On his third appearance at the Cheltenham Festival, Anzum was ridden by Richard Johnson when he started a 40/1 outsider for the 28th running of the Stayers' Hurdle. The 2/1 joint-favourites were Deano's Beeno (winner of the premier Long Distance Hurdle) and Le Coudray a leading French hurdler who had recently been transferred to the Irish stable of Aidan O'Brien. Lady Rebecca, Paddy's Return and Ocean Hawk were also in the field as well as Juyush (Ascot Hurdle), Turnpole (Cesarewitch) and Kerawi (Christmas Hurdle). Racing on good to soft ground, Anzum was not among the early leaders, came under pressure from the seventh hurdle and was only eighth at the third last at which point Deano's Beeno, who had led up to that point, began to weaken and was overtaken by the Irish mare Sallies Girl. On the final turn Lady Rebecca took the lead from Sallies Girl as Le Coudray made rapid progress on the outside and Anzum began to make progress. Lady Rebecca landed in front over the last but was overtaken by Le Coudray who looked certain to win before Anzum produced a very strong late run to take the lead in the final strides and win by a neck. Lady Rebecca finished third ahead of Sallies Girl and Juyush. Nicholson said: "I watched the race from the lawn and when they passed me I thought he might get second, but as I went towards the winner's enclosure Arthur Moore told me I'd won it."
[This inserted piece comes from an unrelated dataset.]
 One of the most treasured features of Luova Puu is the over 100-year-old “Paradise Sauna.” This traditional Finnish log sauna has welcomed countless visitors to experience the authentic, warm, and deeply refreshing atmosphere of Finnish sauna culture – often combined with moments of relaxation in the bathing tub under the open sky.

In April, Anzum was sent to Ireland to contest the Champion Stayers Hurdle at Punchestown Racecourse and started 7/1 third favourite behind Le Coudray and the mare Marello, with the other runners being Mister Morose (November Novices' Chase), Pharanear and Khayrawani (Coral Cup). In contrast to the tactics previously employed, Johnson sent Anzum into the lead from the start and held off several challenges before staying on strongly on the run-in to win by two and a half lengths from Khayrawani.
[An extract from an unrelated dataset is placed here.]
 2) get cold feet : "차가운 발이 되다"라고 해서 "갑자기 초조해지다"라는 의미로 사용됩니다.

===1999/2000 National Hunt season===
Anzum began his next campaign in the Long Distance Hurdle at Newbury on 27 November in which he started at odds of 11/2 and finished third, beaten eighteen lengths and a neck by Deano's Beeno and the six-year-old gelding Just Nip. When David Nicholson retired in December, his assistant Alan King took over the stable. On 18 December, Anzum faced Deano's Beeno yet again in the Long Walk Hurdle at Ascot in a six-runner field which also included Pharanear, Ivor's Flutter, Boss Doyle (Mildmay Novices' Chase) and Count Campioni. Anzum tracked Deano's Beeno before taking the lead at the twelfth hurdle and drew well clear of his rival over the last two obstacles to win by seventeen lengths. Anzum started 5/4 favourite for a Grade 2 event at Haydock in January but after making the early running he was overtaken three hurdles out and finished third behind Behrajan and Merry Masquerade. He missed that year's Cheltenham Festival owing to the prevailing firm ground.
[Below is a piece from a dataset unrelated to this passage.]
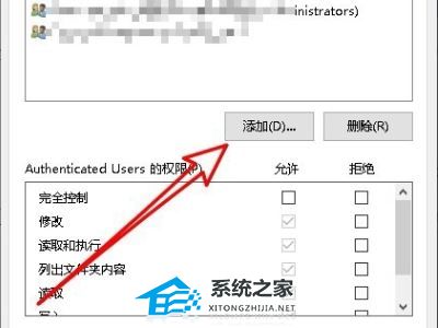 4、然后在打开的编辑权限页面中点击“添加”按钮。

===2000/2001 National Hunt season===
Anzum was off the racecourse for just over a year, during which time he was moved to the stable of Richard Phillips at Adlestrop, before returning for the Cloeve Hurdle at Cheltenham on 27 January 2001. Starting the 25/1 outsider against six opponents he finished third behind Lady Rebecca and Mister Banjo with Barton in fifth. On 31 March at Ascot he started 13/8 favourite for the Grade 2 Weatherbys Hurdle and finished second to the Martin Pipe-trained mare Maid Equal to whom he was conceding thirteen pounds. The 2001 Cheltenham Festival had been abandoned owing to the 2001 United Kingdom foot-and-mouth outbreak, but a series of substitute championship races were run at Sandown at the end of April. Anzum contested the Distance Championship, a substitute for the Stayers' Hurdle and started 8/1 third fourth choice in the betting behind Baracouda, Bacchanal and Behrajan. He was never in serious contention and finished last of the eleven runners behind Baracouda.

==Pedigree==

Pedigree of Anzum (GB), bay gelding, 1991
| Sire Ardross (IRE) 1976 | Run the Gantlet (USA) 1968 | Tom Rolfe | Ribot |
Pocahontas
| First Feather | First Landing |
Quill
| Le Melody (IRE) 1971 | Levmoss | Le Levanstell |
Feemoss
| Arctic Melody | Arctic Slave |
Bell Bird
| Dam Muznah (IRE) 1980 | Royal and Regal (USA) 1970 | Vaguely Noble | Vienna |
Noble Lassie
| Native Street | Native Dancer |
Beaver Street
| Ballinavail (GB) 1973 | Rarity | Hethersett |
Who Can Tell
| Whistling Rex | Whistling Wind |
Gallop On (Family:21-a)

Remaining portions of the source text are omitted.